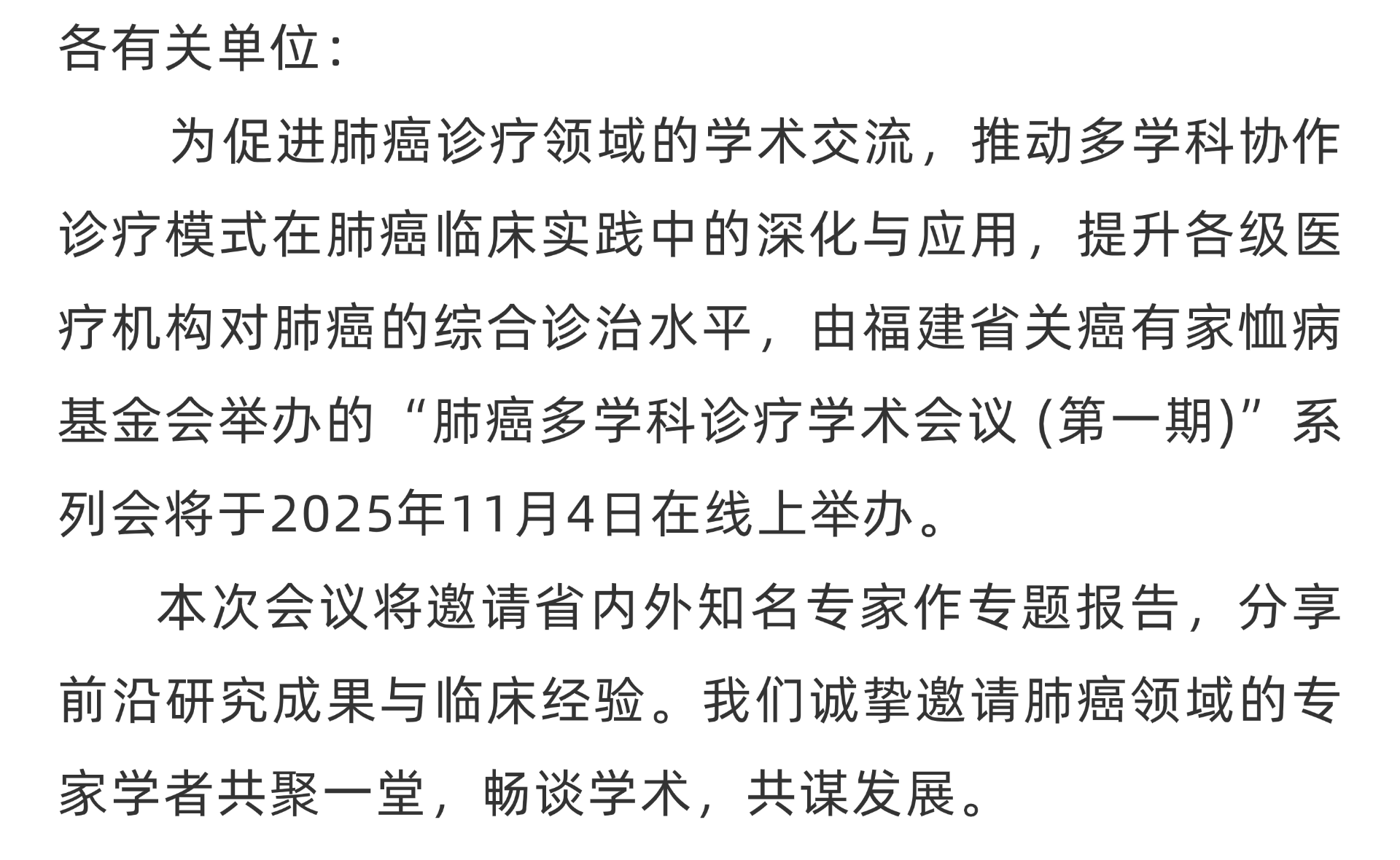 会议公告|肺癌多学科诊疗学术会议(第一期)
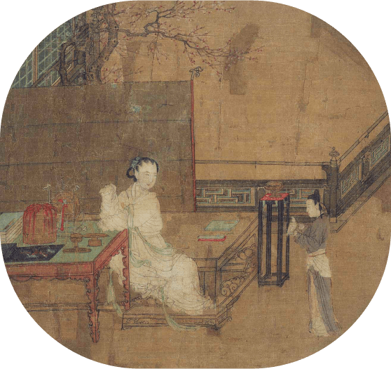 Song artists also placed refinement and inner cultivation in high regard. In the painting A Lady at Her Dressing Table in a Garden, a well-to-do woman sits at a vanity table full of makeup, yet her face is minimally decorated. She sits surrounded by plum blossoms, bonsai plants and bamboo, all of which “stand for her virtues and sophisticated taste,” as discussed by Bo Liu in ‘Physical Beauty and Inner Virtue: ‘Shinü tu’ in the Song Dynasty’.
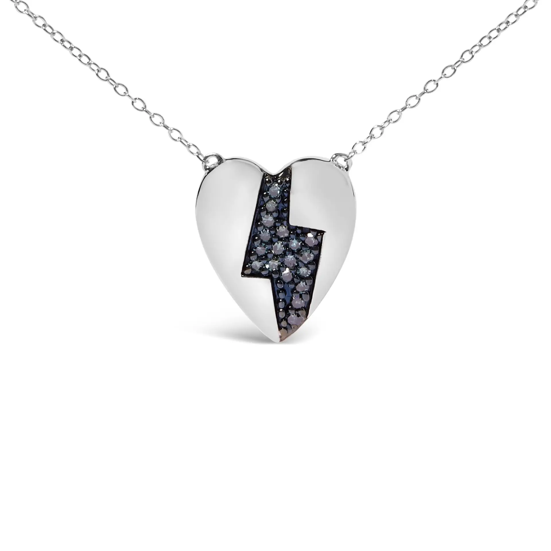 925 Sterling Silver 1/3 Ctw Blue Diamond Heart and Lightning Bolt Pendant Necklace (Blue Color, SI1-SI2 Clarity) – 18″ Inches

§ **YOUR TASK**: Transcribe exactly, and without any pictures, each line from the one that holds "Song artists also" through the final line of the material above.

§ **ANSWER TO THE PROBLEM**:
 Song artists also placed refinement and inner cultivation in high regard. In the painting A Lady at Her Dressing Table in a Garden, a well-to-do woman sits at a vanity table full of makeup, yet her face is minimally decorated. She sits surrounded by plum blossoms, bonsai plants and bamboo, all of which “stand for her virtues and sophisticated taste,” as discussed by Bo Liu in ‘Physical Beauty and Inner Virtue: ‘Shinü tu’ in the Song Dynasty’.
 925 Sterling Silver 1/3 Ctw Blue Diamond Heart and Lightning Bolt Pendant Necklace (Blue Color, SI1-SI2 Clarity) – 18″ Inches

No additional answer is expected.